We consider the problem of estimating population density over the Island of Montreal. Figure (1), shows the census tract locations (493 data points defined
by the centroids of census enumeration areas) over the Island of Montreal, Quebec, Canada, excluding an airport (in the south) and an industrial park with an oil refinery tank farm (in the north-east tip of the Island). Population density is available at each census tract, measured as 1000 inhabitants per $km^2$ and a binary variable indicating whether a tract is predominantly residential or industrial/commercial is available as covariate for estimating the distributions of census quantities.

Here in particular we are interested in population density, thus the airport and industrial park are not part of the domain of interest since people cannot live in these two areas. Census quantities can be rather different in different sides of these not-inhabited parts of the city; for instance, just in the south of the industrial park there is a densely populated area with medium-low income, whilst in the north-east of it there on the contrary is a rich neighbourhood characterised by low population density, and finally in the west of it there is a relatively wealthy cluster of condominiums (high population density).
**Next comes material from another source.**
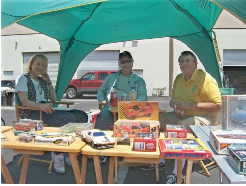
2008 Swap meet sellers at Bud's
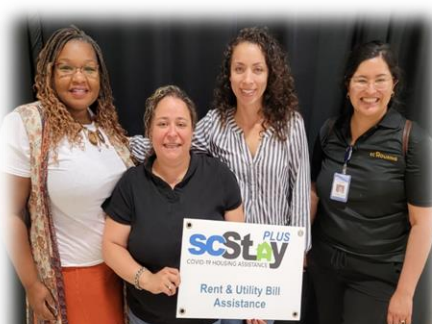
SC Stay Plus present as exhibitor. During the event, SC Stay Plus assisted customers with rent and utilities.

Hence, whilst it seems reasonable to assume that population density features a smooth spatial variation over the inhabited parts of the island, there is instead no reason to assume similar spatial variation on either side of these not-inhabited areas. Figure (1) also shows the island coasts as boundaries of the domain of interest; those parts of the boundary that are highlighted in red correspond respectively to the harbour in the east shore and to two public parks in the south-west and north east shore; no people live by the river banks along these stretches of coast.


Figure (3)

Figure (2) and (3) shows this estimate of the population density. Notice that the estimate complies with the imposed boundary conditions, dropping to zero along uninhabited stretches of coast. Also, the estimate has not artificially linked data points on either side of the uninhabited parts; see for instance the densely populated area in the south of the oil refinery and purification plant with respect to the low population density neighbourhood in the north-east of the industrial park. The $\beta$ coefficient that corresponds to the binary covariate indicating whether a tract is predominantly residential or commercial/industrial is $1.30$; this means that census tracts that are predominantly residential are on average expected to have $1300$ more inhabitants per $km^2$, with respect to those classified as mostly commercial/industrial.